Chapter 13 bankruptcy offers many benefits to you and your family if you are drowning in debt. As soon as you file, an automatic stay goes into effect that protects you from creditor lawsuits. In addition, Chapter 13 bankruptcy can help you lessen your debts and make them easier to manage. Before you file for Chapter 13 bankruptcy, however, you must consider the finer points of what this form of bankruptcy entails, and decide if the lifestyle change it requires is something you can live with.


You Must Repay Your Debts


Unlike Chapter 7 bankruptcy, Chapter 13 bankruptcy does not offer debtors the ability to escape their debts altogether. Together with your attorney, you will be expected to propose a repayment plan to the court. Your repayment plan must span a three to five year period and allocate the majority of your disposable income toward your debts.


In many cases, the court may reduce your debts significantly by disposing of interest charges and fees or reducing your balances. Doing so, however, is not required. If you are financially able to pay off the full amount you owe within a three to five year period, the bankruptcy court is likely to demand that you do so. If paying off the full amount you owe is impossible within a three to five year period, the court will discharge your remaining debts after you have completed the terms of your repayment plan.


You Must Live on a Limited Income


The bankruptcy court will expect you to put all of your spare income toward paying off your debts. If your income increases, you must immediately notify the bankruptcy trustee in order to have your repayment plan modified. You will also be expected to provide the bankruptcy trustee with copies of your tax paperwork each year that you are involved in a Chapter 13 bankruptcy. If you are anticipating a tax refund, expect the court to direct that refund toward your unpaid debt.

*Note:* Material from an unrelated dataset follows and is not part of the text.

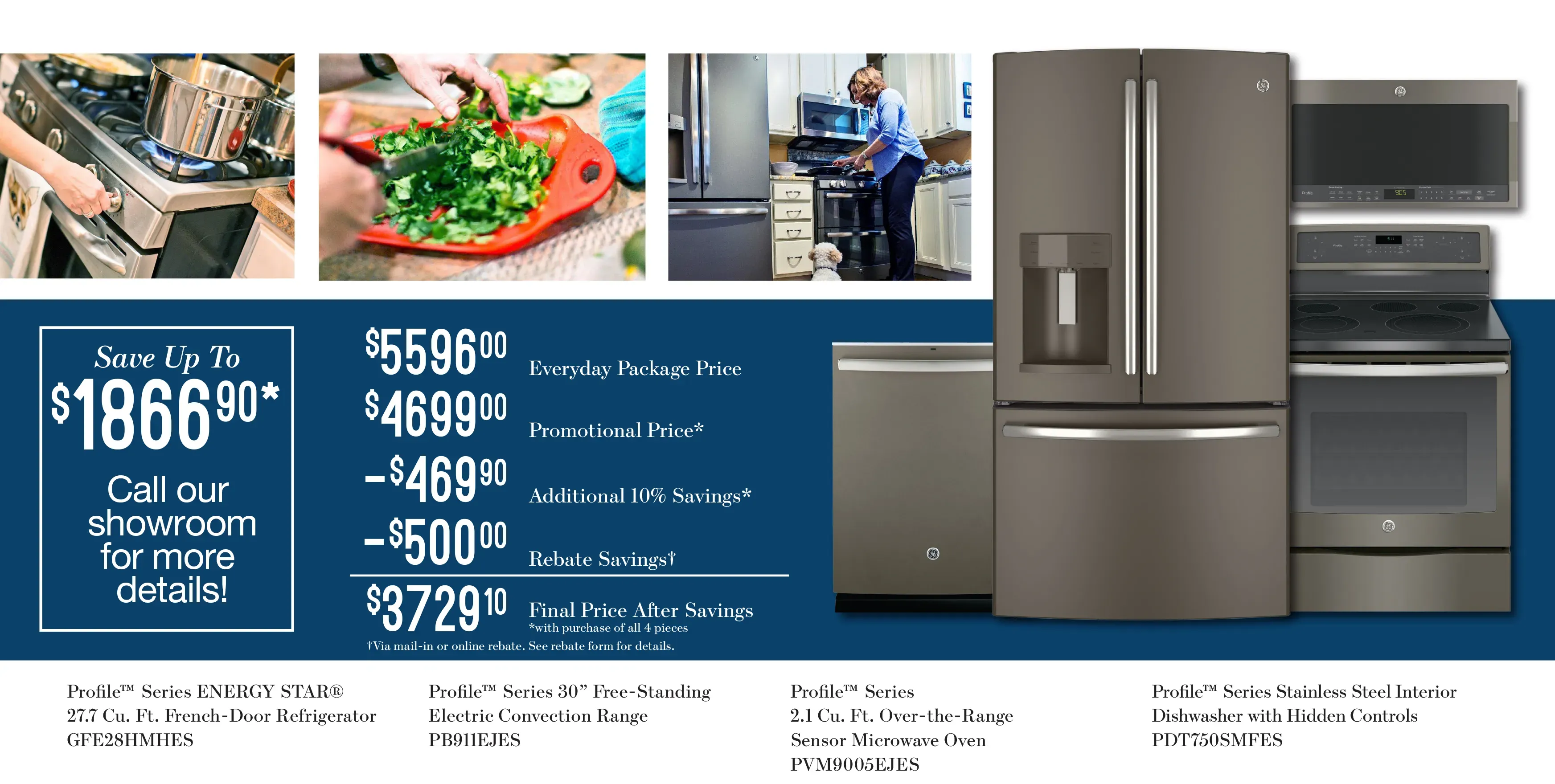 You can save up to $1,500 on select appliance packages from eligible GE Profile Series and GE Appliance sets. The idea is simple: the more you buy, the more you save. For example when you buy 2 appliances, you get $100 mail-in rebate but when you buy 8 appliances, you get $1,500 mail-in rebate.

Many individuals find it difficult, if not impossible, to live by the strict guidelines that the bankruptcy court imposes. For a three to five year period you will be forced to live as frugally as possible. Small luxuries you once enjoyed, like a dinner out, will become things of the past. Consider carefully if you will be able to adhere to the repayment plan before you file for Chapter 13 bankruptcy. Failure to adhere to the repayment plan will result in your bankruptcy being dismissed. Should this occur, your creditors are then free to sue you for the remaining amount that you owe. Unfortunately, the majority of debtors who file for Chapter 13 bankruptcy are unable to stick to their repayment plans.


Your Credit Will Suffer


Some individuals are under the mistaken impression that by filing for bankruptcy, the bankruptcy itself will appear on their credit reports, but their old debts will vanish. Unfortunately, this is not the case. Any debts you have that are included in a Chapter 13 bankruptcy will appear on your credit report for their full reporting period. The only change that will occur is that your previously outstanding debts will reflect the notation, “included in bankruptcy”.


The Chapter 13 bankruptcy itself will appear on your credit report for seven years as well. The reporting period begins as soon as you file. Should your bankruptcy be dismissed for any reason, it will continue to reflect on your credit report for the duration of the reporting period. A bankruptcy is an extremely derogatory notation to have on your credit report, and you can expect your credit score to drop considerably as soon as it appears within your file.


The benefits of a Chapter 13 bankruptcy only outweigh the disadvantages if you are diligent and can stick to your repayment plan. Most individuals who file for bankruptcy do so with the hope of getting relief from their debts. Although a Chapter 13 bankruptcy can grant you legal protection, you won’t get the relief you seek until your repayment plan is complete.